Commonwealth v. Miller

FLAHERTY, Justice,

dissenting.

I dissent.

Initially, the majority is mistaken when it characterizes Turner’s statement to police as a declaration against penal *266interest. Turner maintained that he drove Upshur and Miller without knowledge of their intent to rob the store. This is not a declaration against penal interest. It is not illegal to drive persons from one point to another. It may be illegal to drive them knowing that they intend to commit a crime when they arrive, but that is not what happened here. If the probable cause to arrest is to withstand scrutiny, it must be because “we have tended to credit information supplied by one who has some direct personal knowledge of the crime.” Commonwealth v. Stokes, 480 Pa. 38, 44, 389 A.2d 74, 77 (1978).* Thus I concur with the majority in holding that the arrest warrant was valid, but only because it was supported by the personal knowledge of Mr. Turner.

Furthermore, and notwithstanding the foregoing, reference by a prosecution witness to having been approached by a detective for the purpose of being given a lie detector test constituted reversible error. This Court has held that references to lie detector tests, which raise inferences regarding the guilt or innocence of a defendant, are impermissible. Commonwealth v. Johnson, 441 Pa. 237, 272 A.2d 467 (1971). Although the testimony in question did not expressly reveal *267whether a lie detector test was ever arranged, or if it were arranged then what results were obtained, merely making known to the jury the existence of an attempt to conduct such a test created an inference that the test was, in fact, administered, and that the test results were favorable to the Commonwealth’s position. Hence, the witness’ testimony was incurably bolstered by the reference to the test, and the curative instruction was per se inadequate to remedy the error. Thus, I would reverse and remand for a new trial.
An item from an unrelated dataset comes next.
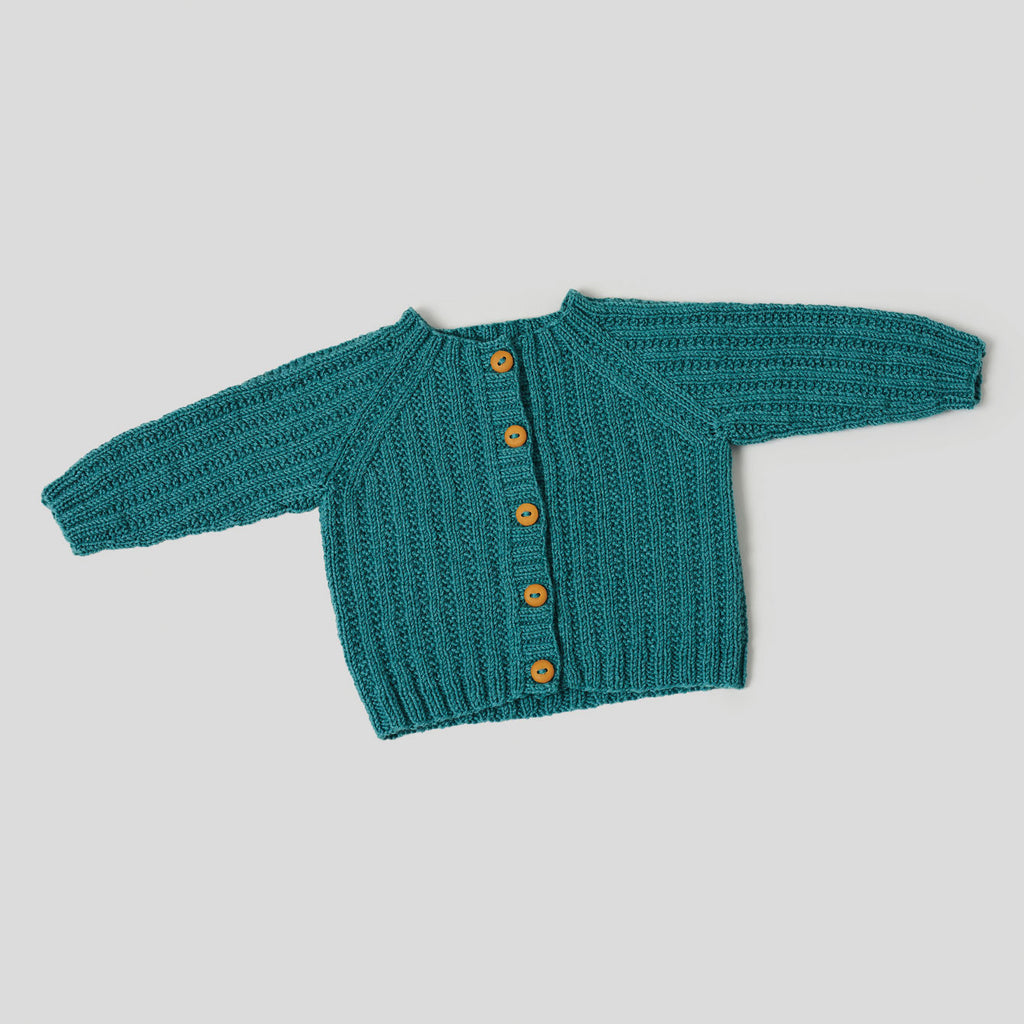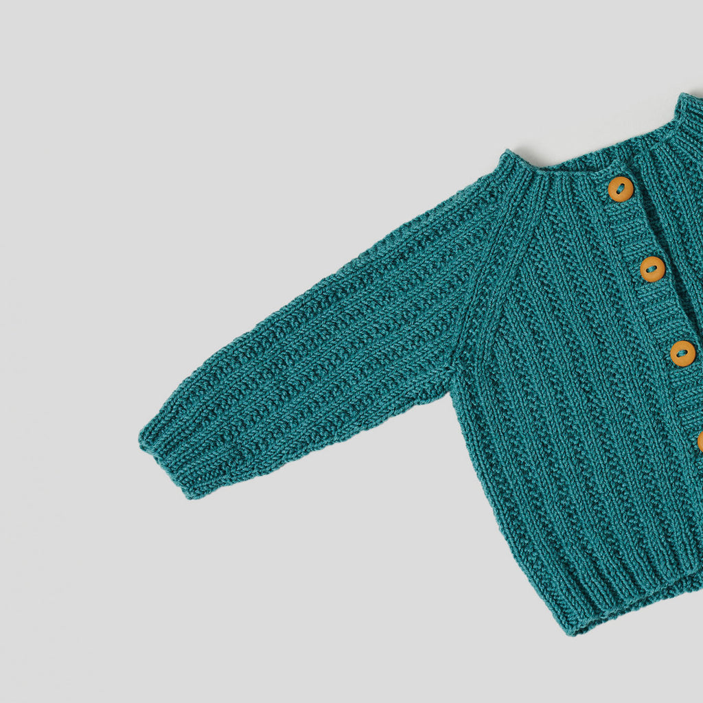 Eldey Cardigan til babyer strikkes nedefra og op i strukturmønster med ret og vrang. Krop og ærmer strikkes hver for sig, hvorefter de samles til bærestykket, der strikkes med raglanindtagninger.

In Commonwealth v. Stokes, supra, this Court stated:

It is well-settled that even hearsay information is sometimes sufficient to establish probable cause. [Citation omitted]. However, before an officer may conclude there is probable cause to arrest based on hearsay information he must satisfy the two-pronged test of Aguilar v. Texas, 378 U.S. 108, 84 S.Ct. 1509, 12 L.Ed.2d 723 (1964), as explicated in Spinelli v. United States, 393 U.S. 410, 89 S.Ct. 584, 21 L.Ed.2d 637 (1969): (1) he must know the underlying circumstances from which the informer concluded the suspect participated in the crime; and, (2) he must have some reasonable basis for concluding that the informant is credible or that his information is reliable.

Id., 480 Pa. at 45, 389 A.2d at 77. The first requirement is met by virtue of Turner’s presence with the accused in the car where he overheard the remark, “Why did you have to shoot the man?” The second requirement is met because Turner’s story places him, albeit unwittingly, at a criminal transaction. Turner, having told his story, can expect, at a minimum, to be closely examined by the police as to whether he was really a willing participant. Turner’s declaration is not against penal interest, but it is such as to invite close scrutiny, and, as such, is reliable.